Gastric cancer (GC) is one of the most common malignant tumors of the digestive system in the world, growing at nearly 800,000 new cases every year, and is in the fourth place in the global incidence of malignant tumors, according to World Health Organization statistics.[1] According to geographical location, stomach cancer occurs mainly in Asia, Africa and South America, and other developing countries. In Asian countries, for example, China, Japan, and South Korea, new GC cases of each year accounts for two-thirds of global cases.[2] With the application of improved surgical techniques and chemotherapy and other technical means, the mortality rate of GC has decreased, but the 5-year survival rate of GC is still poor.[3,4] Early identification and diagnostic of progress of GC is very important.

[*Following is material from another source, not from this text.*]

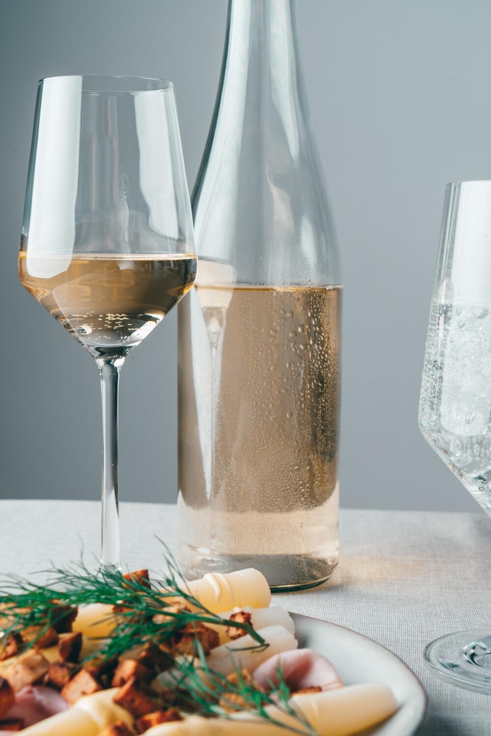 Das Weißweinglas der Serie Pure lässt elegante, leichte Weißweinsorten optimal atmen, sodass sich Aromen von voller Frucht in ihren Eigenarten vorbildlich herausbilden. Die Ausprägungen des Buketts werden durch den Durchmesser des Glases von 76 Millimetern unterstrichen. Besonders ein qualitätsvoller Riesling entfaltet die prägnante und lebendige Säure in unserem Kristallglas vorzüglich. Die Form des Kelchs fördert ein langanhaltendes Geschmacksbild. Auch Rebsorten wie Vérdejo, Weißburgunder und Grüner Veltliner kommen durch das Glas geschmacklich zur Geltung.

Many medical research and clinical practice have proved that the prognosis of GC was associated with the clinical stages, early GC 5-year survival rate was above 90%, and 5-year survival rate is only 10% or so of advanced GC.[5,6] At present, the developed countries such as Japan in the early diagnosis of GC is as high as 50%, and less than 10% in China, the middle-late GC was more than 90%, many patients with obvious symptoms during middle-late, lost the best period of treatment, which call lead to poor prognosis.[7,8] Therefore, further study of the cause of GC, to take effective preventive measures, positive development and promotion GC early diagnosis technology and the treatment of precancerous lesions have very important implications. Clinical practices used to mainly count on gastroscopy and X-ray barium swallow opacification to give the examination, yet these means have limitations. In contrast, it has distinctive features of its own to employ endoscopic ultrasonography as the imagological means of carcinoma of stomach. GC's pathological changes begin from the mucous layer and gradually intrudes into the submucous, muscular layer, and placenta percreta and till the gastric wall. The increases in depth to some degree, and other layers disappear eventually. Five-stratum structure of gastric wall provides the structural base for the invasion depth diagnosis of GC through endoscopic ultrasonography. Recently, some studies assessed the clinical utility of miniprobe endoscopic ultrasonography for prediction of invasion depth of early GC. However, the results still remain inconsistent. We conducted a comprehensive analysis to evaluate the clinical utility of miniprobe endoscopic ultrasonography for prediction of invasion depth of early GC.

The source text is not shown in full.